副腎不全は私も経験したことがありますが、全身倦怠感、食欲不振など特徴がないことがあります。
また、敗血症に似た症状を呈する場合もあります。定期的な漏れのない血液検査を出すことと、免疫療法特有の副作用を常に頭に入れる事が大切です。しかし、患者さんは夜に調子が悪くなって病院に来ることもありますし、そんな時に当番の若い先生が診察して気が付かないこともある、みたいな話がディスカッションでも示されました。

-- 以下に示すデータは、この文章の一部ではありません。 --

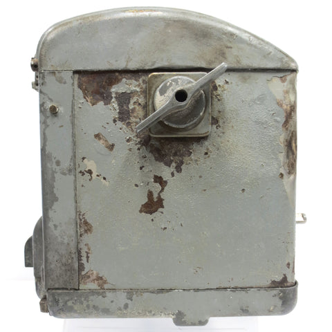 All numbers reset correctly and buttons work. Both dials are clear and intact. Metal case is in good condition, surface rust only. Original color preserved.The handle is complete and turns well on the right. No handle on the left side. The metal tag is in great condition and says "Neptune Print-O-Meter Auto Stop Register Model 434 Code 1" with instructions. Beautiful piece to restore and add to a gas pump. Can also be transformed into a cool lamp. Measures 8 X 9 X 8 inches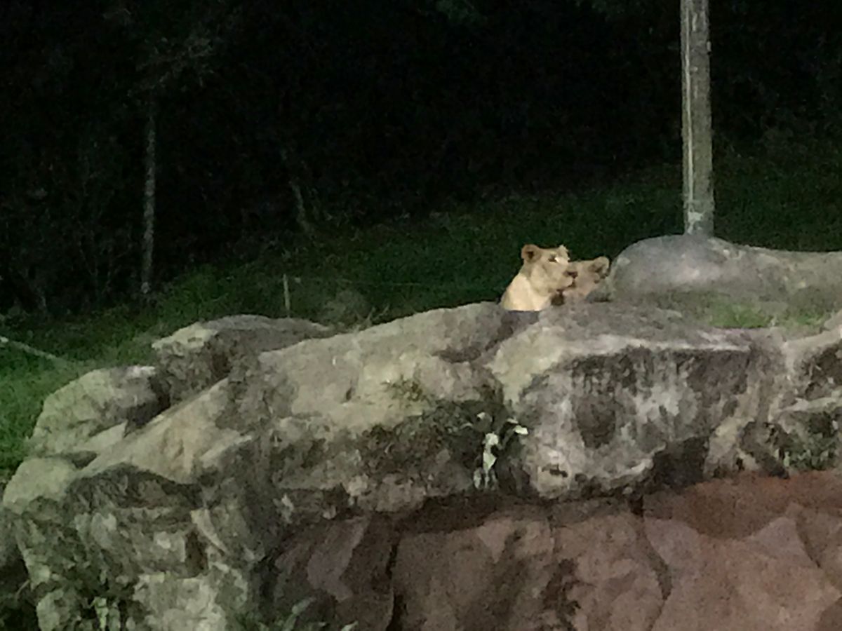 暗くてはっきりとは見えないけど、柵無しで動物達を近くで見れて良かったです。サイの迫力よかった。

免疫チェックポイント阻害剤は、既に肺がんなどではたくさん使われていて、多臓器のがんで共通のお薬です。なので、いろんな科の先生方がこの薬の勉強をする方がいいのか?それとも、腫瘍内科の先生が一括して治療してもらった方が良いのか?
腫瘍内科医は全国的にも多くありません。
ディスカッションでお話しした先生方の病院も、常勤ではおられないところもありました。
乳がん領域の化学療法(免疫療法だけでなく)は、アメリカでは乳腺外科医が行わず腫瘍内科が全て行なっています。外科医は手術をしてホルモン剤を処方、フォローアップをするだけです
日本では各臓器の先生が化学療法を行うので、腫瘍内科のニーズがないため、増えないのかもしれませんね。どちらのスタイルが日本に適しているのかわかりませんが、この免疫チェックポイント阻害剤のように特殊な副作用で、いろんながんに共通のお薬が出たこの状況は、腫瘍内科医が活躍の場を増やす機会かもしれません。
乳腺外科医でも腫瘍内科と同じ資格を持つ先生はおられますが、今後は内科医しか取れなくなります。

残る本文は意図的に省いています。